Nations rising strongly included
Thailand, THD, 4.4%
Philippines, EPHE, 4.3
Indonesia, IDX, 3.5 and IDXJ 3.2
India, INP, 3.3 and SCIN 4.0
Turkey, TUR, 2.8
Mexico, EWW, 3.0
Argentina, ARGT, 2.6
The Interest Rate on the US Ten Year Government Bond, ^TNX, rose to 2.68%, and the Steepner ETF, STPP, rose strongly as the 10 30 US Sovereign Debt Yield Curve, $TNX:$TYX, steepened. A steepening yield curve suggests that bond vigilantes are once again obtaining a strong hold over interest rates, in their war on the world central banks; and that they are once again calling US Government Bonds, GOVT, lower, on the monetization of debt by the US Federal Reserve.

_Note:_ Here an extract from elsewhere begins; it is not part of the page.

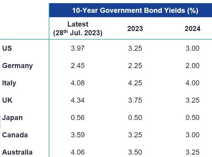 Diese Marktsituation wird nicht unbeschränkt lange anhalten. Die Inflationsraten gehen jenseits und diesseits des Atlantiks bereits wieder zurück. Die Notenbanken werden das Zinsniveau wieder senken. Die Möglichkeiten für Großanleger, attraktive Erträge auf dem Kapitalmarkt zu erzielen, werden wieder geringer. Dies wird dazu führen, dass beim Verkauf von großen Immobilienpaketen wieder höhere Preise erzielt werden. Hier die Prognose von „Capital Economics“, dem unabhängigen Analysedienst für wirtschaftliche Entwicklungen, mit den Zinssätzen für 10-jährige Staatsanleihen bis Ende 2024.

Junk Bonds, JNK, rose taking Aggregate Credit, AGG, higher.
Currency traders, sold the Japanese Yen, FXY, causing the chart of EUR/JPY to rally strongly to 132.86, and the chart of AUD/JPY to rally strongly to 92.02. Of note, the Chinese Yuan, CYB, rose strongly to a new rally high.
Oil, USO, rose 1.5%. Gold, GLD, traded 1.5% lower and and Silver, SLV, traded 1.1% lower. Spot Gold, $GOLD, closed at 1,286, with strong support lower at $1,275.
The October 10, 2013, rally in stocks on the announcement of Janet Yellen as Obama’s choice for Federal Reserve Chairperson, and on hopes of an accord to avoid US Default, presented the short selling opportunity of a lifetime, as in a bull market, one buys in dips, and in a bear market, one sells into pips.
One could sell short the 40 ETFs/ETNs, XIV, FDN, CARZ, PBS, IBB, RZV, PSCI, FPX, IAI, XTN, SMH, XRT, PJP, PSP, TAN, RXI, FLM, PNQI, WOOD, EUFN, RWW, FXR, BJK, IST, SLX, PPA, GNW, EIRL, GREK, EWY, EWP, YAO, TUR, ARGT, EPHE, SCIN, THD, EGPT, EWZS, UJB.
seen in this Finviz Screener, for great future reward as these are high beta risk averse ETFs
And one could use the 8 ETFs/ETNs, OFF, STPP, UUP, XVZ, GLD, FSG, JGBS, YCS, seen in this Finviz Screener, as the basis for one’s margin account, as these will increase in value with rapidly growing financial instability, as carry trades unwind, and as the Interest Rate on the US Ten Year Note, ^TNX, rises.
Yes a big rise, be it for minutes, hours or days once it announced, followed by a fall in many markets.